George Osborne gave middle England plenty to smile about in yesterday’s Budget by cutting business rates, helping savers and taking 600,000 people out of higher rate tax. Today’s Money blog looks at the day after the night before while, in other financial news, Fidelity International has warned that the retirement income gap is not just a problem for older generations of women.
Responding to this week’s suggested solutions by the Work and Pensions Select Committee to the on-going debate around State Pension changes and its impact on women, Maike Currie, investment director for personal investing at Fidelity International, said: ‘The ongoing debate around whether state pension age changes were effectively communicated to women has drawn attention back to the retirement gap that exists between the sexes. This is not an issue of the past that we can ignore as an “older person’s problem”. The very same issues that lie behind paltry saving levels when it comes to older women still exist today. There is no magic bullet to this but we would strongly urge women to do what they can to save for the longer term as early as possible.”
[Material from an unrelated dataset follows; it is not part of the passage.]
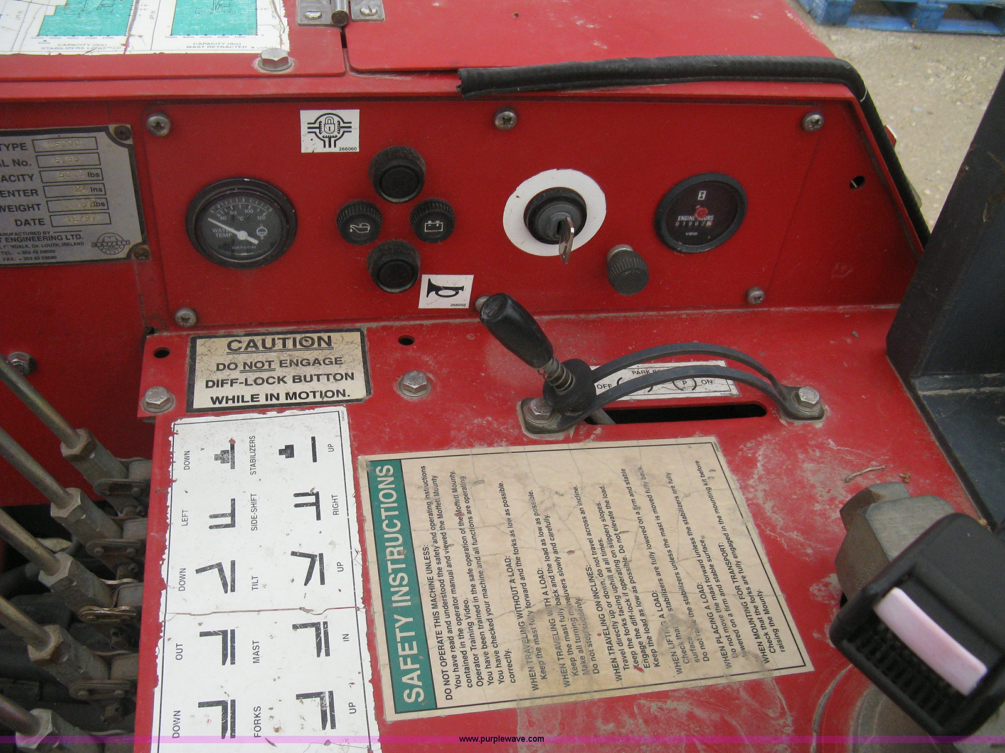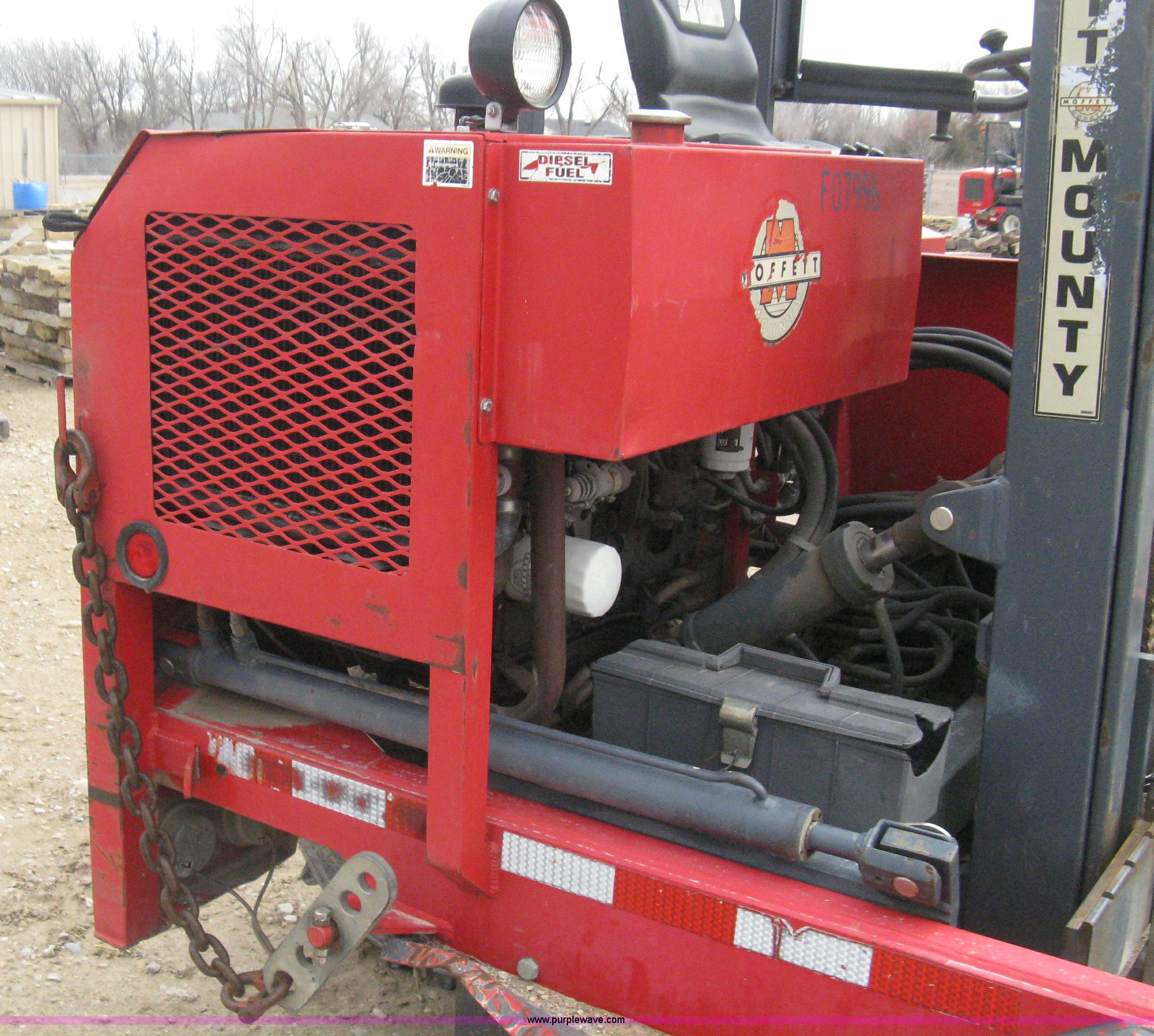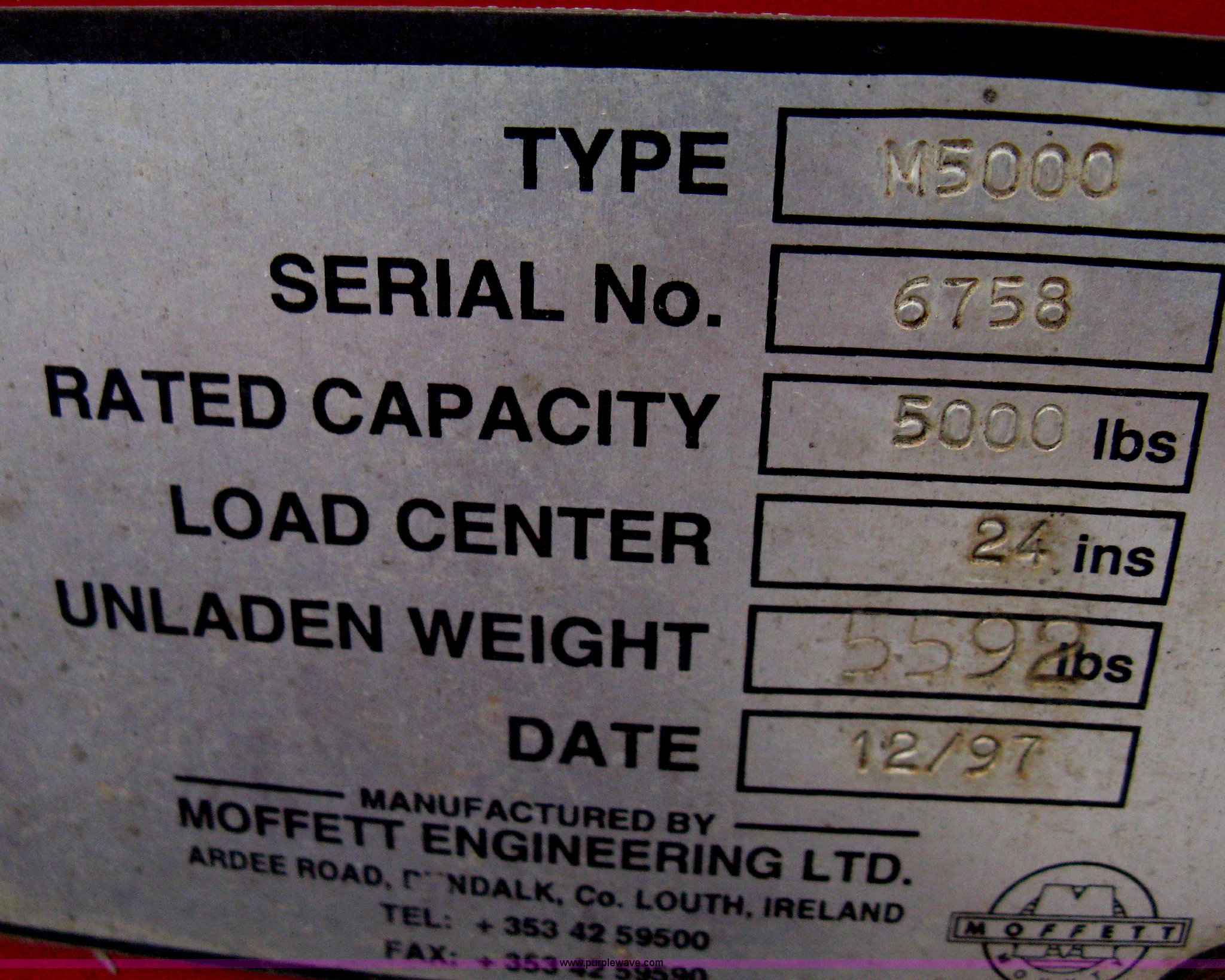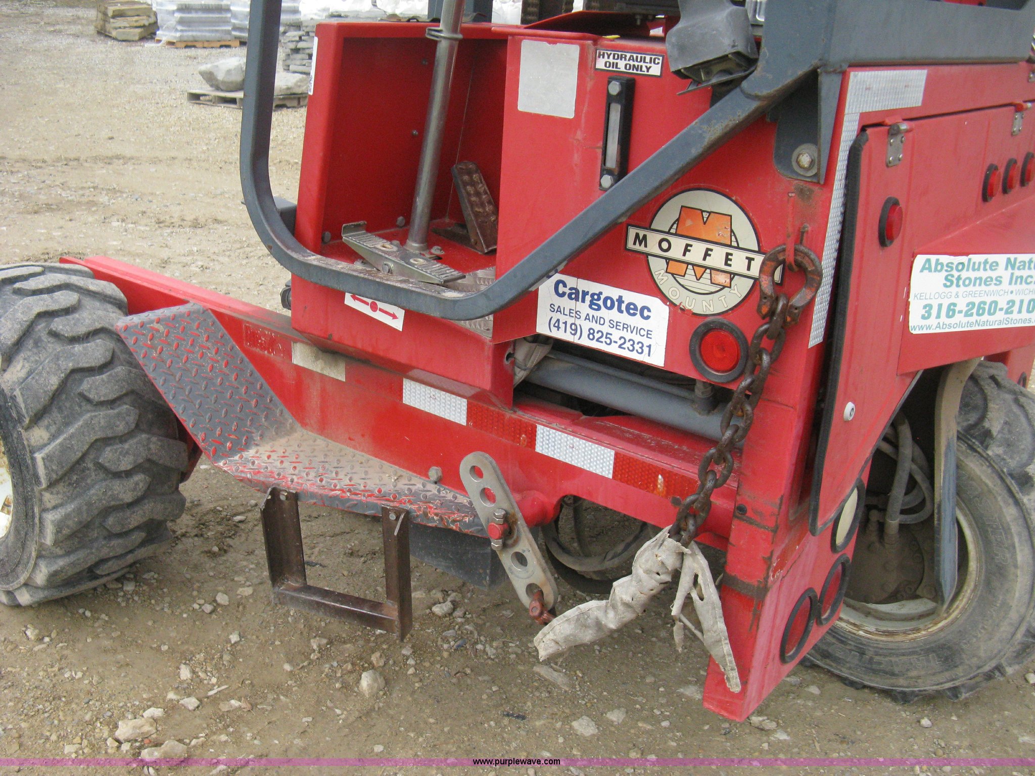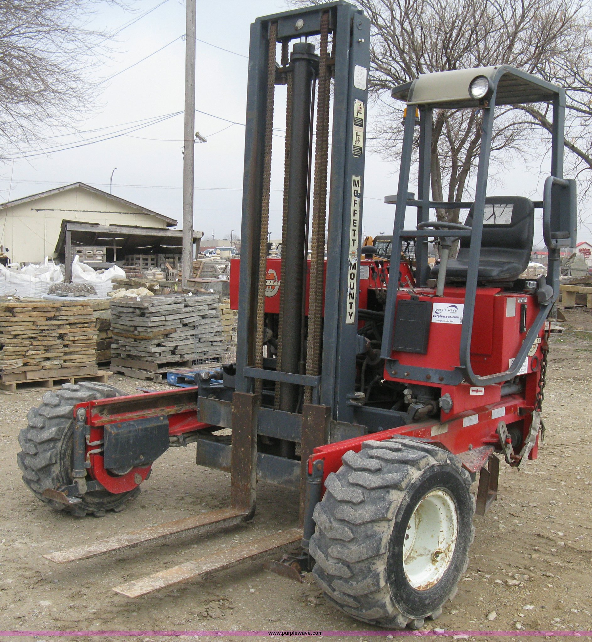 Purple Wave is selling a used Strt. Mast Rough Terr. Forklift in Kansas. This item is a 1997 Moffett M5000 piggy back forklift with the following: 1,803 hours on meter, Hours will vary, Lister Petter four cylinder diesel engine, Hydrostatic transmission, OROPS, 5,000 lbs lift capacity, 48"W fork assembly, 48"L x 6"W forks, (2) front hydraulic stabilizers, Moffett Mounty side shift mast, (2) anchor chains, Work lights, 31 x 15.5-15 tires, Serial 6758

Research by Which? shows that consumers could save money on home insurance premiums by haggling or switching providers, with nearly a third of respondents to a survey saying they saved an average of £82 after haggling, while policyholders who switched providers saved an average of £71.51. Almost half say they did not haggle on their existing deal and only 36 per cent changed provider in the last 12 months.
Meanwhile, research shows that savings rates are still plummeting as banks and building societies continue to cut their rates on both cash ISAs and fixed rate bonds. According to Moneywise, the top fixed rate cash ISA is just 1.5 per cent tax-free from Virgin Money and Aldermore Bank, while the best deal on the high street comes from Metro Bank at a paltry 1.35 per cent.
Looking ahead, the Council of Mortgage Lenders today unveils its gross lending figures for February. And the Bank of England will publish its monthly interest rate decision at noon. The monetary policy committee will almost certainly leave interest rates at 0.5 per cent.
Finally, according to The Times, Britain has become ‘a coffee-pod drinking, legging wearing, microwave-rice eating nation that no longer goes to nightclubs, buys DVDs and sees organic apples as indistinguishable from normal apples’. This conclusion follows the Office for National Statistics’ annual update of its shopping basket of goods that it uses to measure consumer price inflation in the UK.